◆ Your goal
The entries that follow include a run beginning at the line with "Y la diferencia" and ending at the line with "Figure 5 shows"; restate that run word for word and leave the rest out.

(Material shown Opens)

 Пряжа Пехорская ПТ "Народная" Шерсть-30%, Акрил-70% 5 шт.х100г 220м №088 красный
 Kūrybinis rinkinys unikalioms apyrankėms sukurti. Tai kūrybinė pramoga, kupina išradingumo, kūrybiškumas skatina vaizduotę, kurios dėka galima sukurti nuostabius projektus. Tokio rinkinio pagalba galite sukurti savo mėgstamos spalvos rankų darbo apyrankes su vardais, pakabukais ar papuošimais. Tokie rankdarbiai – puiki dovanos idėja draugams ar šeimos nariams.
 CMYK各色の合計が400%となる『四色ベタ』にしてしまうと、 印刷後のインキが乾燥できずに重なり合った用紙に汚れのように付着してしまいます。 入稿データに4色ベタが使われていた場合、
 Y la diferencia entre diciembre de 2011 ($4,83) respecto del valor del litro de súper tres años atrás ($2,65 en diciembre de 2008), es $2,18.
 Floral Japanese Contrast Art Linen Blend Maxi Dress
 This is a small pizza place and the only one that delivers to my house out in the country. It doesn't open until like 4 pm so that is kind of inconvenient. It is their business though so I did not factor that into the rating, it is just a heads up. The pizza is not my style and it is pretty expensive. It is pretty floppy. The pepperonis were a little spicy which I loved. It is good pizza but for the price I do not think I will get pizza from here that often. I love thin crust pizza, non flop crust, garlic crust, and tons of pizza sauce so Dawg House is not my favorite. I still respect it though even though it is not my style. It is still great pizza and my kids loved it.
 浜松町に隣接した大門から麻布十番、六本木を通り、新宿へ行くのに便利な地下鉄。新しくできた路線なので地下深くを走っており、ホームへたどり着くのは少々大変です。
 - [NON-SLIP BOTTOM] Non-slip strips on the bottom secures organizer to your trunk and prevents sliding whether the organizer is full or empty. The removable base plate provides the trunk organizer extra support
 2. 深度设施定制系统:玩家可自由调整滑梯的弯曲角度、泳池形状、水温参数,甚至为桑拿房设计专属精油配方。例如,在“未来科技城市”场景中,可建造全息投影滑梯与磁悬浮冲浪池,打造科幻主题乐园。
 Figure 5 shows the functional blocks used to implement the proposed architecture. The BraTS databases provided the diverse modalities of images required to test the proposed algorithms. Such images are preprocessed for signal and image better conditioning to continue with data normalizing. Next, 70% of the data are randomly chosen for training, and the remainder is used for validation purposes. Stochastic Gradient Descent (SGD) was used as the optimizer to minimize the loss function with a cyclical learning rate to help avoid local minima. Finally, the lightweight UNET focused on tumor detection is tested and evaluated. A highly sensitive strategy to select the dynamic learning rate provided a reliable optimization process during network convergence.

(Material shown Closes)
(Material shown Opens)

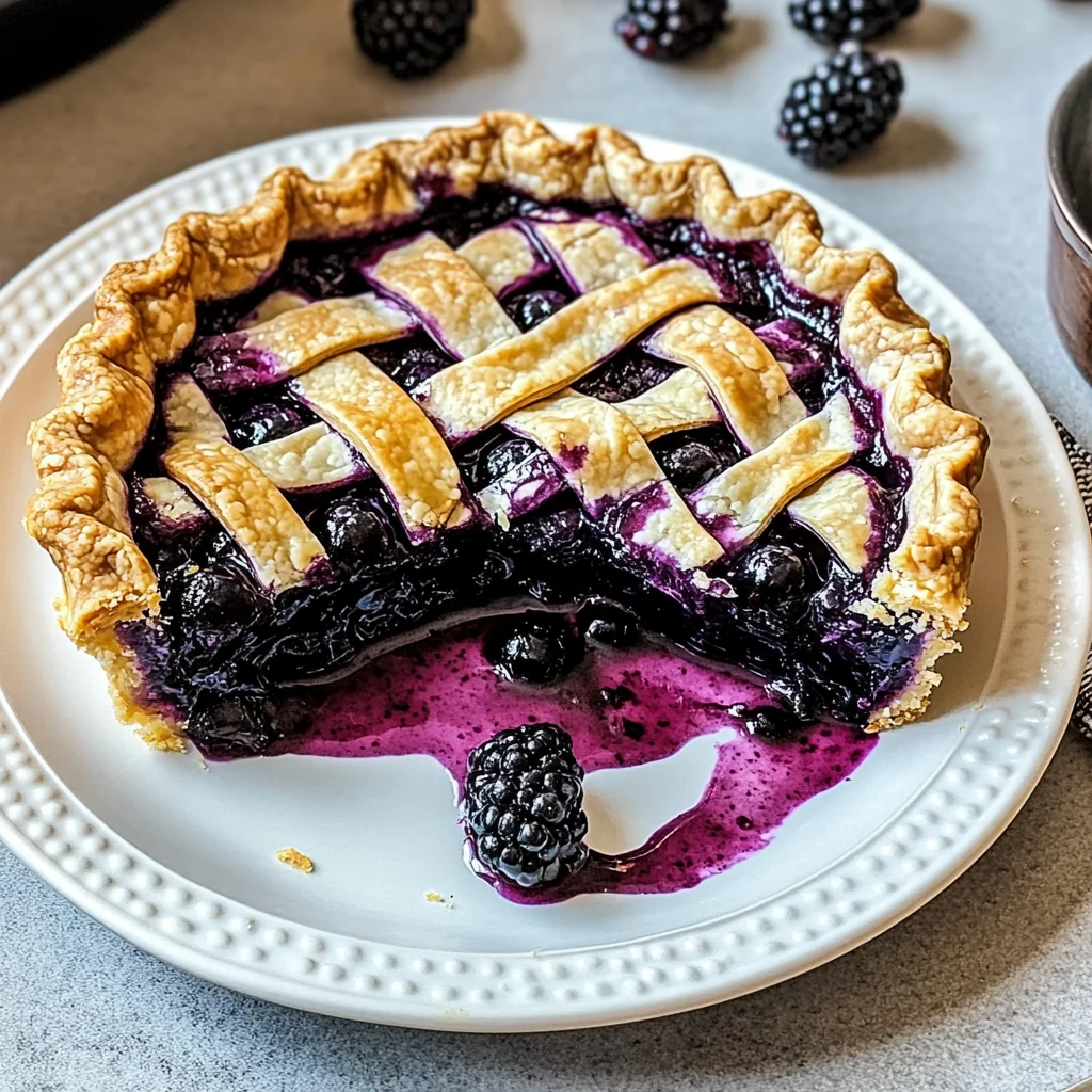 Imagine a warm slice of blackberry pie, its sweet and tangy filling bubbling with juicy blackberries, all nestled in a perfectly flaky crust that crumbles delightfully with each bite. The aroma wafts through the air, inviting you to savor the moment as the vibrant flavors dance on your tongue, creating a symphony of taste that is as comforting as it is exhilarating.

(Material shown Closes)

◆ Exercise response
 Y la diferencia entre diciembre de 2011 ($4,83) respecto del valor del litro de súper tres años atrás ($2,65 en diciembre de 2008), es $2,18.
 Floral Japanese Contrast Art Linen Blend Maxi Dress
 This is a small pizza place and the only one that delivers to my house out in the country. It doesn't open until like 4 pm so that is kind of inconvenient. It is their business though so I did not factor that into the rating, it is just a heads up. The pizza is not my style and it is pretty expensive. It is pretty floppy. The pepperonis were a little spicy which I loved. It is good pizza but for the price I do not think I will get pizza from here that often. I love thin crust pizza, non flop crust, garlic crust, and tons of pizza sauce so Dawg House is not my favorite. I still respect it though even though it is not my style. It is still great pizza and my kids loved it.
 浜松町に隣接した大門から麻布十番、六本木を通り、新宿へ行くのに便利な地下鉄。新しくできた路線なので地下深くを走っており、ホームへたどり着くのは少々大変です。
 - [NON-SLIP BOTTOM] Non-slip strips on the bottom secures organizer to your trunk and prevents sliding whether the organizer is full or empty. The removable base plate provides the trunk organizer extra support
 2. 深度设施定制系统:玩家可自由调整滑梯的弯曲角度、泳池形状、水温参数,甚至为桑拿房设计专属精油配方。例如,在“未来科技城市”场景中,可建造全息投影滑梯与磁悬浮冲浪池,打造科幻主题乐园。
 Figure 5 shows the functional blocks used to implement the proposed architecture. The BraTS databases provided the diverse modalities of images required to test the proposed algorithms. Such images are preprocessed for signal and image better conditioning to continue with data normalizing. Next, 70% of the data are randomly chosen for training, and the remainder is used for validation purposes. Stochastic Gradient Descent (SGD) was used as the optimizer to minimize the loss function with a cyclical learning rate to help avoid local minima. Finally, the lightweight UNET focused on tumor detection is tested and evaluated. A highly sensitive strategy to select the dynamic learning rate provided a reliable optimization process during network convergence.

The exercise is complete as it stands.